DFS and BFS visit all nodes explorable from a given start node. To explore an entire graph that is not necessarily connected, we can do something like this:
while there are still unvisited nodes:
u = an unvisited node
DFS(u)In this way, all nodes in the graph get visited. In Problems 1 and 2, assume that we are using an approach like this to visit all nodes in the graph in question.
What’s the runtime of DFS on a graph with \(v\) nodes and \(e\) edges?
What’s the runtime of BFS on a graph with \(v\) nodes and \(e\) edges?
Try running BFS(2) on the following undirected graph:
Write the order in which nodes are visited, then label each node with the path length to the origin (2). What do you notice about the visit order of BFS?
Consider this: a tree is a special kind of undirected graph with only one path between all pairs of nodes (you could also define it to be a directed graph with edges pointing from parent to child).
DFS(root) on a binary search tree corresponds to which tree traversal?
BFS(root) on any tree corresponds to which tree traversal?

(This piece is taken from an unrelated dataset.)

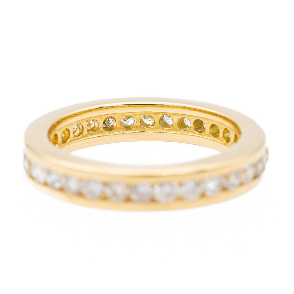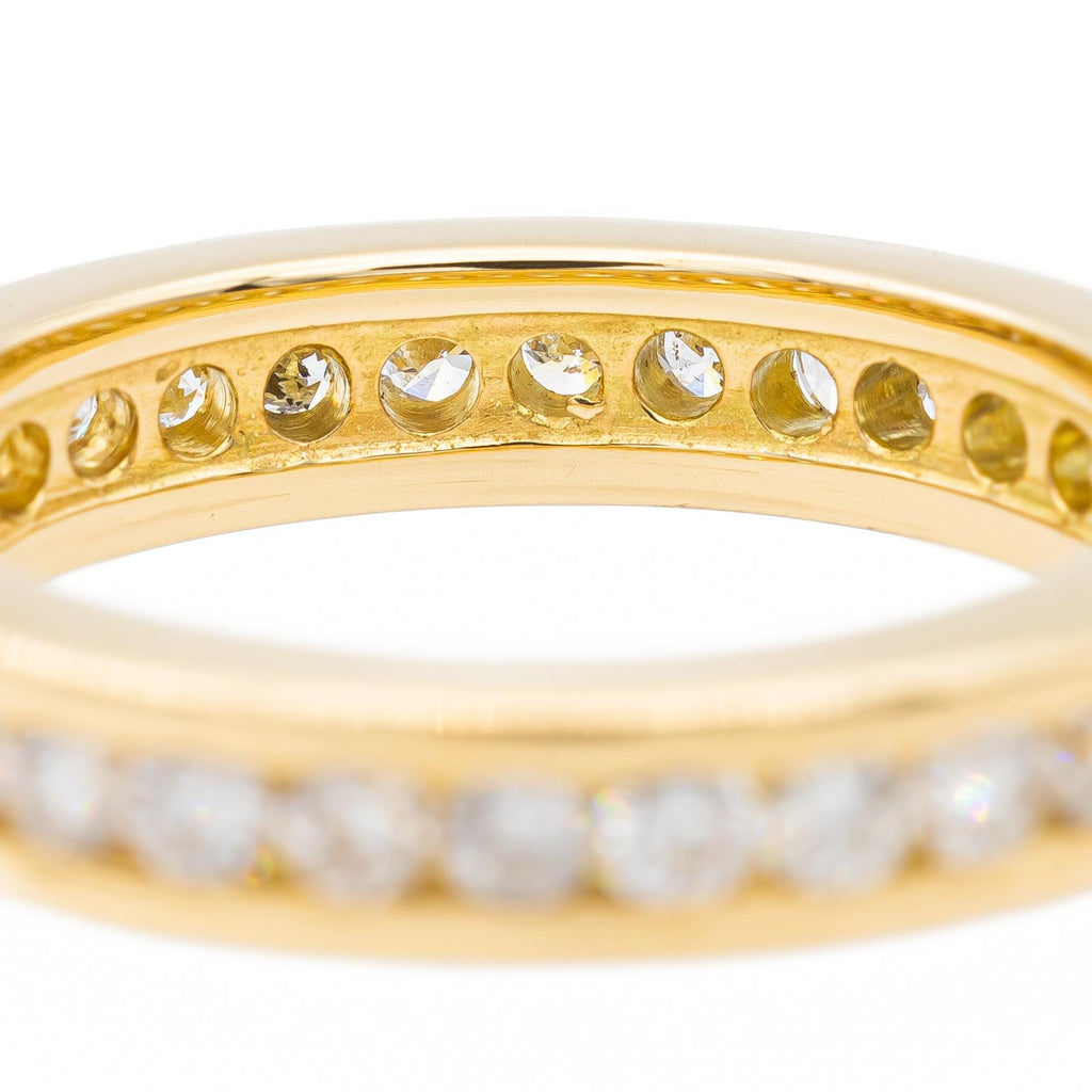 Alliance tour complet en or jaune 750 millièmes (18 carats), sertie de 32 diamants taille brillant environ H/SI, d'environ 0,05 ct chacun, poids total diamants: environ 1,60 cts, largeur sur le dessus: 0,39 cm, tour de doigt: 54, poids total: 6,14 g, poinçon tête d'aigle, excellent état
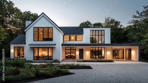 Modern Luxury Home with Large Windows and Elegant Design Surrounded by Lush Greenery in a Serene Residential Neighborhood at Dusk

For this problem, let’s stick to thinking about undirected graphs. A connected component is a subgraph that is connected. The number of connected components in a graph is the smallest number of components that, taken together, comprise the whole graph. For example, the following graph has 3 connected components:
Suppose you have an adjacency list representation of a graph. Devise an algorithm to count the number of connected components. Hint: What can you say about the subgraph containing the set of nodes visited by a DFS and all edges that connect pairs of those nodes (this is called the induced subgraph)?